Английский язык Купера в лучшем случае, хотя и беглый и живой, лишен изящества; в худшем — он неуклюж и неподатлив. Этому писателю с мировой славой удивительно не хватает литературной отделки. Он не небрежен, но бесцветен, неряшлив, но нейтрален. Он преуспевает почти без помощи того, что обычно называют «стилем». Его читают ради того, что он хочет сказать, а не ради того, как он это говорит. Читателя ждут сюрпризы, но они заключаются не в идеальном слове, удачной фразе или сбалансированности предложения, а всегда в неожиданном повороте приключения, в хорошо спланированном эпизоде, изобилующем событиями, в снятии умственного напряжения после благополучного выхода из опасности. Как было сказано о другом плодовитом писателе, «он плетет рыхлую ткань»; можно добавить, что она часто бывает грубого волокна. У немногих выдающихся писателей форма настолько подчинена содержанию. Этот недостаток объяснялся спешкой, естественным и высокомерным презрением спонтанного рассказчика к тонкостям риторики.

IV РОМАНЫ ОБ АМЕРИКАНСКОЙ РЕВОЛЮЦИИ «ШПИОН», «ЛАЙОНЕЛ ЛИНКОЛЬН»

Жизнь в той несчастной полосе страны, известной во время Революции как «нейтральная зона», округ Вестчестер, штат Нью-Йорк, является предметом «Шпиона». Здесь часто происходили кровавые столкновения между застрельщиками противоборствующих армий. Мародерствующие банды, якобы «лоялистские» или «патриотические», хотя часто состоявшие из бандитов, делали жизнь мирных домовладельцев мучением и ужасом. Купер писал, опираясь на предания из первых рук. Семья его жены была лоялистской, а самым известным из вестчестерских рейдеров был Деланси.

Главный герой — Харви Берч, шпион. Выдавая себя за человека на службе у британцев, он является самым доверенным из секретных агентов Вашингтона. Его преданность своему вождю — это страсть, почти религия. Невзрачный на вид, скупой в образе жизни, он способен на величайшее личное самопожертвование. Его патриотизм — самого высокого толка, поскольку он не может иметь соразмерной награды. Он должен жить (возможно, умереть), ненавидимый людьми, ради которых ежедневно рискует жизнью. Купер заставляет нас глубоко сопереживать этому неотесанному существу, которое, преследуемое до отчаяния и даже доведенное до виселицы, всегда находит способ спастись. Берч играл своей жизнью. Это был отчаянный шаг, когда он уничтожил клочок бумаги, подписанный Вашингтоном.

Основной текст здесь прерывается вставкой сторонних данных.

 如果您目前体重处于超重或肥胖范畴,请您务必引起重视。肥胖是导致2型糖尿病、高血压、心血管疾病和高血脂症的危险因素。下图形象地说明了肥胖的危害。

Романтический герой истории — Пейтон Данвуди, юноша, чей «темный и сверкающий взгляд» сеял хаос в сердцах впечатлительных дам. Но Пейтон был верен и любил лишь одну. Больше современному вкусу придутся юмор Лоутона и Ситгривса, сержанта Холлистера и Бетти Фланаган. «Мистер Харпер» впечатляет, и тайна его характера хорошо выдержана. Дамы из «Саранчи» обладают причудливым очарованием, неотделимым от манер и костюмов былых времен. Конечно, одна из них, которая, кажется, готова умереть от любви, милосердно убита шальной пулей, а другая становится маньячкой. Читатели романов в 1821 году требовали многого за свои деньги. Но Фрэнсис Уортон — милое создание, хотя ее речь ничуть не напоминает речь мисс Клары Миддлтон.

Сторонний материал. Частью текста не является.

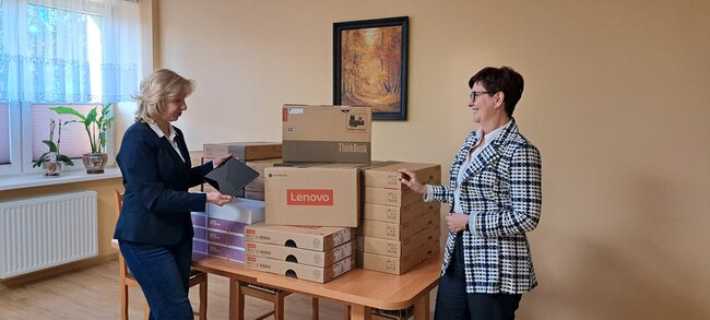 Łącznie do szkół prowadzonych przez Powiat Bydgoski przekazano 168 urządzeń, w tym laptopy, laptopy przeglądarkowe oraz tablety. Sprzęt trafił już do wszystkich szkół, a wczoraj Starosta Bydgoski Piotr Kozłowski przekazał go osobiście w Zespole Szkół Agro-Ekonomicznych Karolewo, natomiast Członek Zarządu Iwona Lichocka w Zespole Szkół Ogólnokształcących i Zawodowych w Solcu Kujawskim.

Как сказал ирландский епископ о «Путешествиях Гулливера», книга содержит невероятности. Прием с маской, которая превращает юного Генри Уортона в поддельное подобие старого седого негра, притянут за уши. «Шпион» не задумывался как реалистический роман.

Купер задумал еще одну историю на фоне Революции. «Лайонел Линкольн», несмотря на всю вложенную в него работу, не имел успеха. У него были достоинства, среди которых достоинство спонтанности не было заметным. Если бы неудача была менее очевидной, романист мог бы поддаться искушению продолжить «Легенды тринадцати республик».

V КНИГИ О КОЖАНОМ ЧУЛКЕ И ДРУГИЕ ИНДЕЙСКИЕ ИСТОРИИ

Один французский критик однажды заметил, что ничто так не похоже на «песнь о деяниях», как другая «песнь о деяниях». Читатели сетовали на то, что ничто так не похоже на историю о Кожаном Чулке, как другая история о Кожаном Чулке. Но «Пионеры», первая из серии по порядку написания, мало похожи на остальные, и как картина жизни в нью-йоркской деревне в конце XVIII века имеет историческую ценность. Повествование отличается твердостью текстуры. Персонажей тридцать, и каждый со своим характером. Судья, кузен Ричард, священник мистер Грант, все городские чудаки, месье Ле Куа, майор Хартманн, Дулиттл, Кирби и Бенджамин — реальны и человечески интересны. Диалог свеж, колоритен и уместен. Нет попыток сжатия; зимние вечера в 1824 году были длинными.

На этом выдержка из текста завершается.